Quashing the “lab leak” rumors

While in retrospect it’s easy to be glib about the idea that the 2009 virus leaked from a laboratory somewhere, Gibbs pointed out some features of the virus that were important to explain. He doubted the virus came from nature because no genetically similar influenza viruses were known to circulate in pigs anywhere in the world. As a result, the virus sat on a “long branch” of the influenza phylogenetic tree, separated by many mutational differences from other swine flu viruses. Also, the virus’s proteins had an abundance of lysine residues. He and his colleagues noted that standard vaccine production practices of growing influenza viruses in chicken eggs—a method still used by the majority of flu vaccine developers—can lead to an increase in lysine residues, so Gibbs concluded that the newly emerged swine flu had been propagated in a laboratory, likely as a part of vaccine-related research. 

This idea did not hold up long against scientific scrutiny. All five of the WHO’s collaborating influenza centers evaluated Gibbs’ claims, and all arrived at the same conclusion: there was no reason to believe the virus was unnatural. Human, avian, and swine flu viruses naturally differ somewhat in lysine composition, and the amount of lysine seen in the strain responsible for the 2009 outbreak was consistent with natural increases seen in swine flu viruses historically. The genetic distance, too, proved unremarkable. 

MIXING PIGS: Pigs housed in close proximity at large commercial farms give viruses the chance to intermingle, resulting in the emergence of new strains.
© istock.com, dusanpetkovic

Scientists had a wealth of genetic data from swine influenza viruses to compare against, as veterinarians have routinely performed diagnostic testing, sometimes sequencing entire viral genomes, to combat flu and monitor viral trends. The NIH’s public repository GenBank contained more than 500 genetic sequences from swine influenza viruses collected in the US, Canada, and multiple countries in Europe and Asia at the time of the 2009 outbreak. And that data revealed many swine flu viruses are somewhat isolated on the phylogenetic tree—the result of insufficient sampling from certain time periods or locations. 

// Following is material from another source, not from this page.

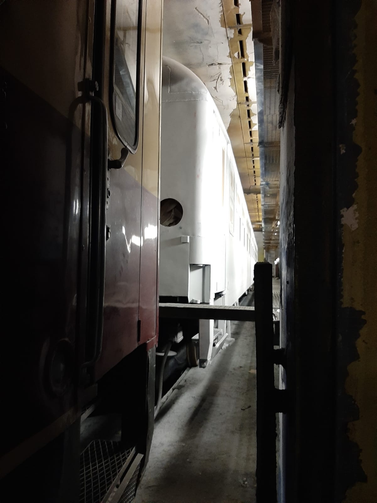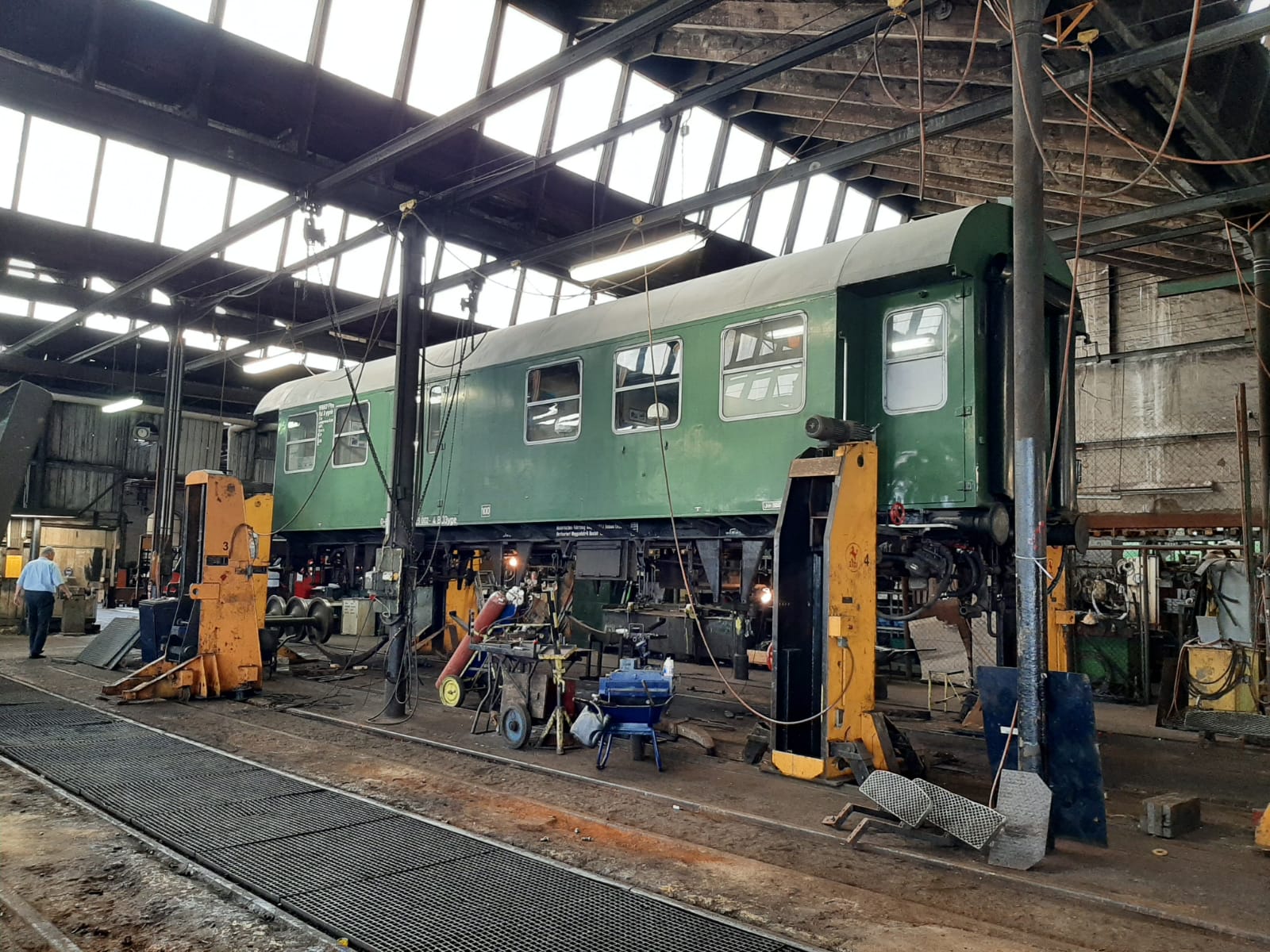Auf den nächsten Aufnahme sieht man einen unserer Reisezugwaggons des Typs Bm234 (im Hintergrund in weiß). Dieser Waggon erhält nicht nur eine neue Hauptuntersuchung (HU), sondern wird auch äußerlich komplett neu aufgearbeitet. Die Blecharbeiten sind abgeschlossen und der Waggon ist mit weißer Grundierung überzogen. Anschließend wird er lackiert. Die Aufarbeitung war nur möglich, weil sich ein Großspender gefunden hatte. Dem Spender an dieser Stelle noch einmal ein herzliches Dankeschön!

Research teams from the US CDC and the University of Hong Kong used these genetic data to catalog the natural evolutionary origins of the virus in fine detail in studies published in Science and Nature, respectively. Both studies showed that the pandemic virus’s genome belonged to the H1N1 subtype, which is found in swine globally, and concluded that the virus arose through natural processes. But an unresolved question was where.  

The exact origins of the 2009 virus were difficult to pin down because flu virus genomes are composed of eight individual segments that can be swapped in their entirety during replication when two “parent” viruses co-infect a single host cell. This creates genetically new offspring in a process known as reassortment. And the 2009 virus epitomized why swine are called “mixing vessels” for avian and human strains: the eight segments of the pandemic virus’s genome had notably different evolutionary histories connected to three geographically distinct swine flu lineages, some of which were introduced into pigs from birds and others from humans. 

Two genome segments came from a Eurasian swine H1N1 lineage that jumped from birds to pigs in the 1970s and remains prevalent in pigs in Europe and Asia today. One genome segment was derived from a classical swine H1N1 lineage that first emerged in US pigs during the 1918 flu pandemic and continues to circulate in the US and Canada, with occasional incursions into Asia. The remaining five segments were derived from the “triple-reassortant” lineage that emerged in US pigs in the 1990s and was itself a mix of avian, human, and classical swine influenza A viruses. Triple reassortant viruses are established in the US and Canada, but also have been introduced into Asia.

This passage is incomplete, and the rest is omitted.